• Your instructions: Below are some records. Write out the line that contains "Features: Aquarium Combination" and all lines after it, exactly, but not the pictures.

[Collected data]
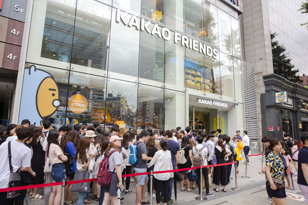 지난달 2일 개장 첫날에는 스토어 오픈 시간 이전부터 약 3000여명의 인파가 몰려 강남역 일대에 거대한 행렬을 만드는 등 카카오프렌즈에 대한 팬들의 뜨거운 사랑을 확인하는 계기가 됐다는 게 회사측 설명이다.
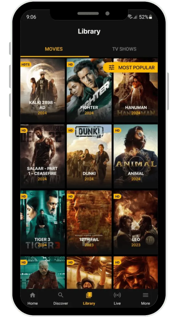 This app is loaded with a range of content, allowing viewers to watch movies or TV shows based on their preferences. The APK offers numerous genres, including action, fantasy, horror, comedy, romance, thriller, crime, documentary, sci-fi, and more, spanning from Bollywood to Hollywood. Users can indulge in content in HD quality and download movies or series for offline viewing. APP
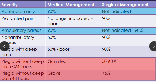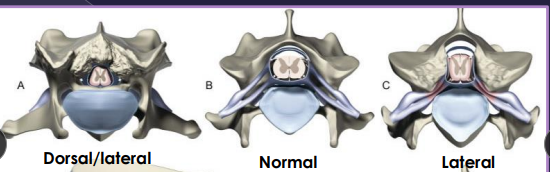 Cs: neck pain(30-60%), progressive tetraparesis, ataxia, neuro defects(94%)
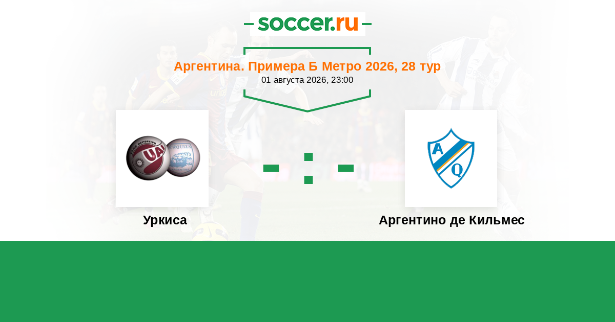 Аргентина. Примера Б Метро 01.07.2023 Уркиса Логотип футбольный клуб Уркиса (Вилья Линч) 1:2 Логотип футбольный клуб Аргентино де Кильмес Аргентино де Кильмес
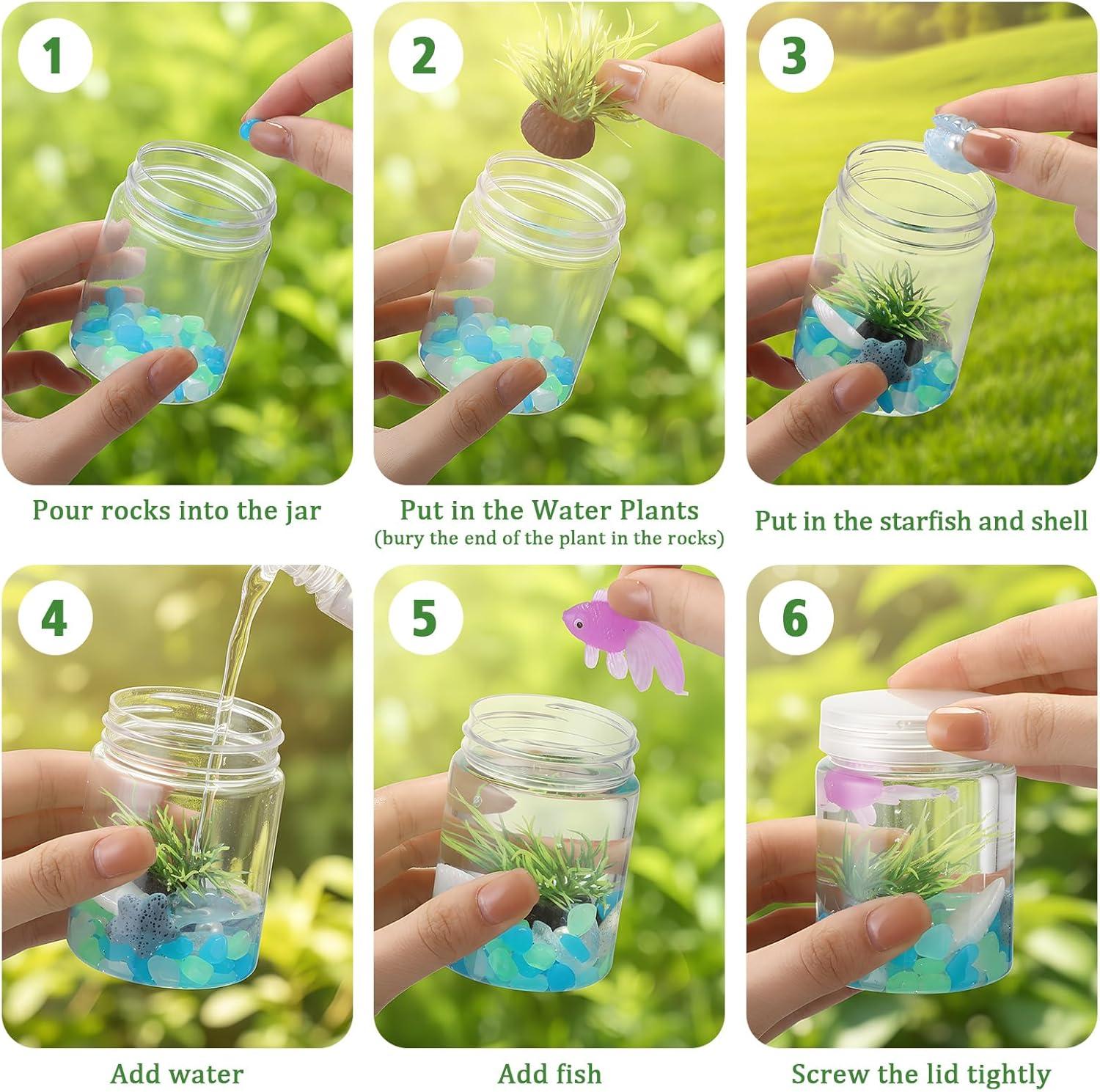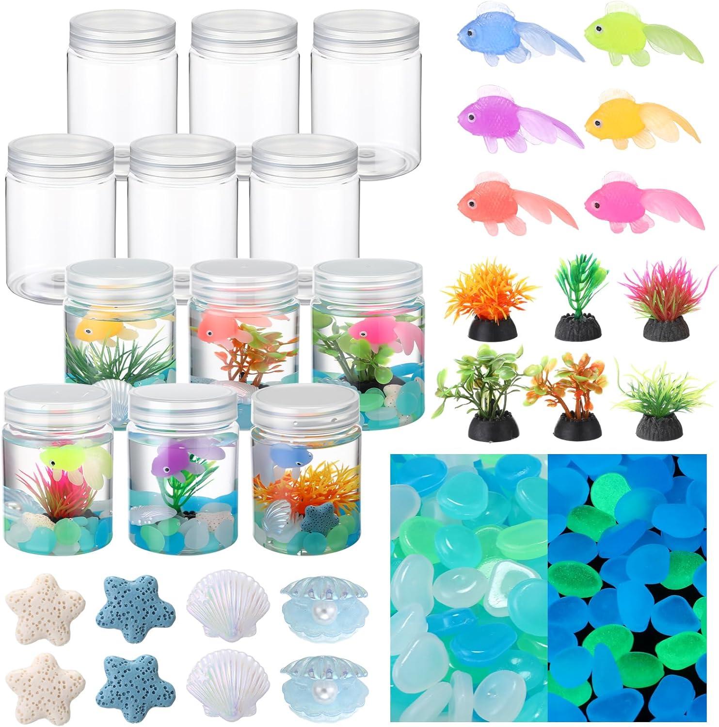 Features: Aquarium Combination Design: Our fish tank decoration set is rich in combination, including not only fish bowls, but also plastic fake fish and fake water plants as decorations. At the same time, you can also lay a layer of stones on the bottom of the fish bowl to make your fish tank decoration beautiful Specifications: Material: plastic Color: multicolor color Size: Fishbowl: 5.8 × 7.5 cm Fish: 4.5 cm Stone: 5–10 mm Plant: 4–5 cm Starfish/shell: 20–27 mm Package includes: 12 x Fishbow
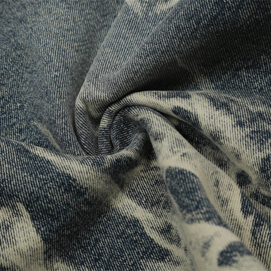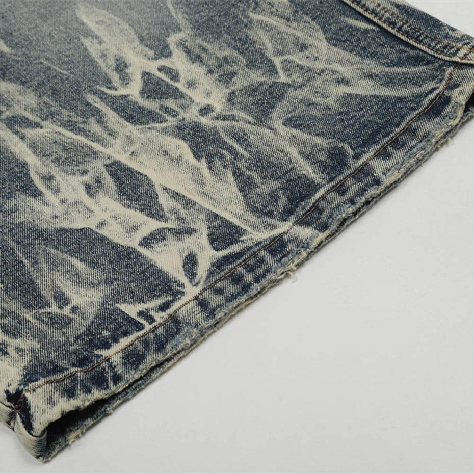 Ignite your style with the Flame Wash Denim Shorts, a fiery statement piece that brings an unmissable edge to your warm-weather wardrobe. These unique jorts feature a captivating, all-over print that mimics the dynamic lick of flames or abstract lightning, starting from the hem and ascending upwards in a striking contrast against the faded blue denim.
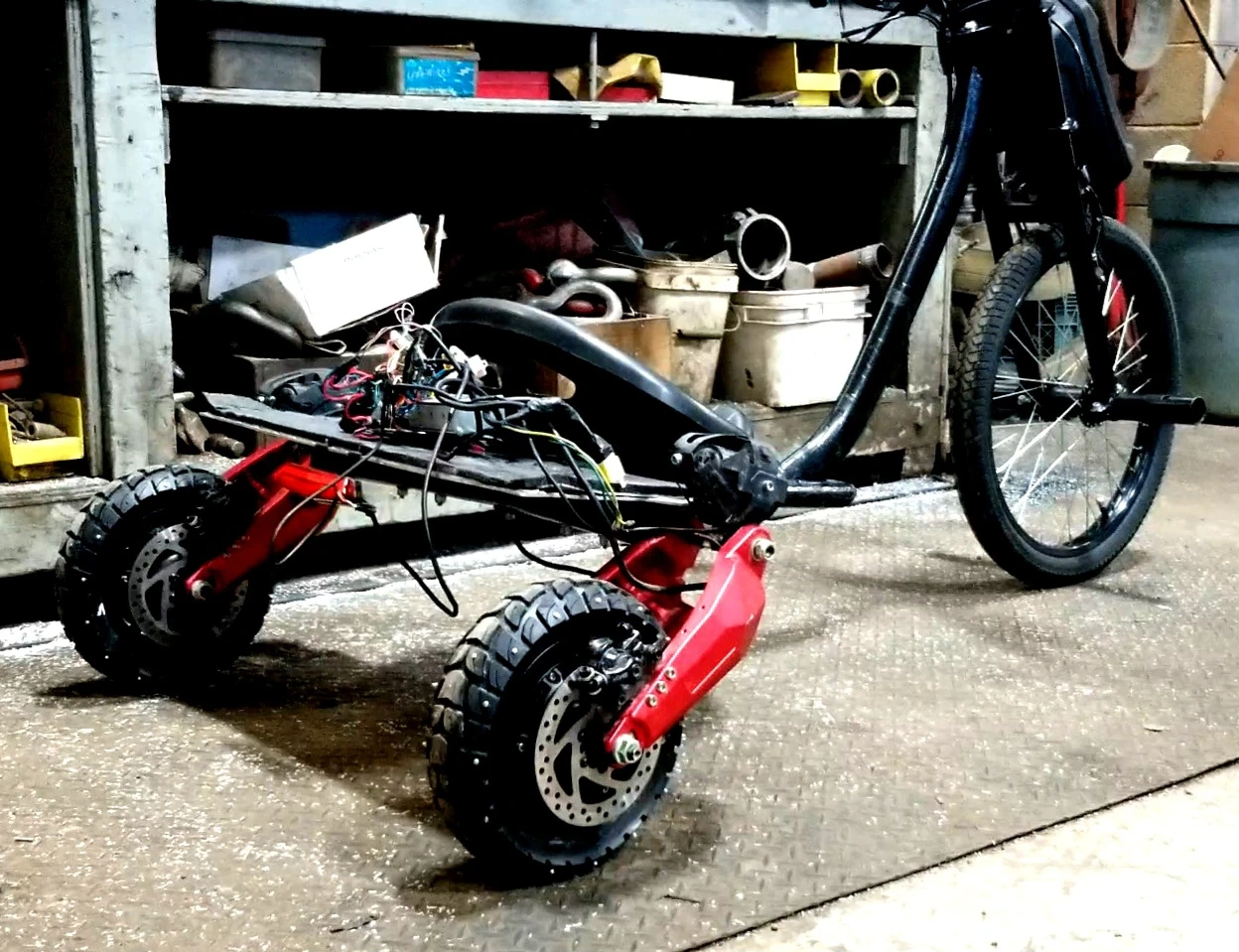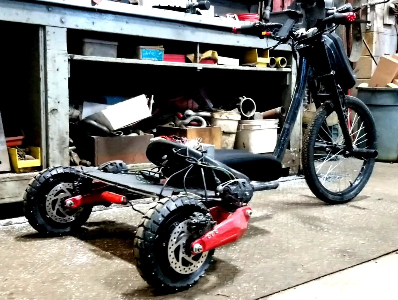 One-of-a-kind custom build. Started as a Cheetah electric scooter and fully converted into a three-wheel Scorpion drift trike using a Razor pedal-assist drift trike frame. Extremely fast and fully loaded with upgrades.
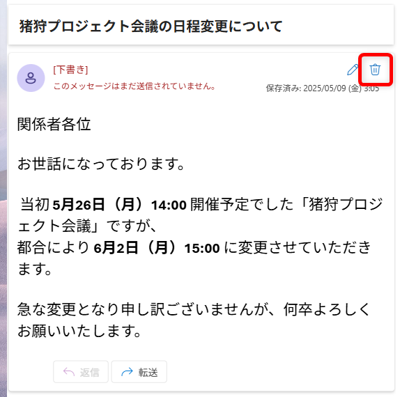 【Outlook for Windows】予約送信のやり方|オフライン送信の可否やバレる可能性も解説メールを削除したい場合、メールの編集画面のゴミ箱のマークをクリックします。

• Answer below:
 Features: Aquarium Combination Design: Our fish tank decoration set is rich in combination, including not only fish bowls, but also plastic fake fish and fake water plants as decorations. At the same time, you can also lay a layer of stones on the bottom of the fish bowl to make your fish tank decoration beautiful Specifications: Material: plastic Color: multicolor color Size: Fishbowl: 5.8 × 7.5 cm Fish: 4.5 cm Stone: 5–10 mm Plant: 4–5 cm Starfish/shell: 20–27 mm Package includes: 12 x Fishbow
 Ignite your style with the Flame Wash Denim Shorts, a fiery statement piece that brings an unmissable edge to your warm-weather wardrobe. These unique jorts feature a captivating, all-over print that mimics the dynamic lick of flames or abstract lightning, starting from the hem and ascending upwards in a striking contrast against the faded blue denim.
 One-of-a-kind custom build. Started as a Cheetah electric scooter and fully converted into a three-wheel Scorpion drift trike using a Razor pedal-assist drift trike frame. Extremely fast and fully loaded with upgrades.
 【Outlook for Windows】予約送信のやり方|オフライン送信の可否やバレる可能性も解説メールを削除したい場合、メールの編集画面のゴミ箱のマークをクリックします。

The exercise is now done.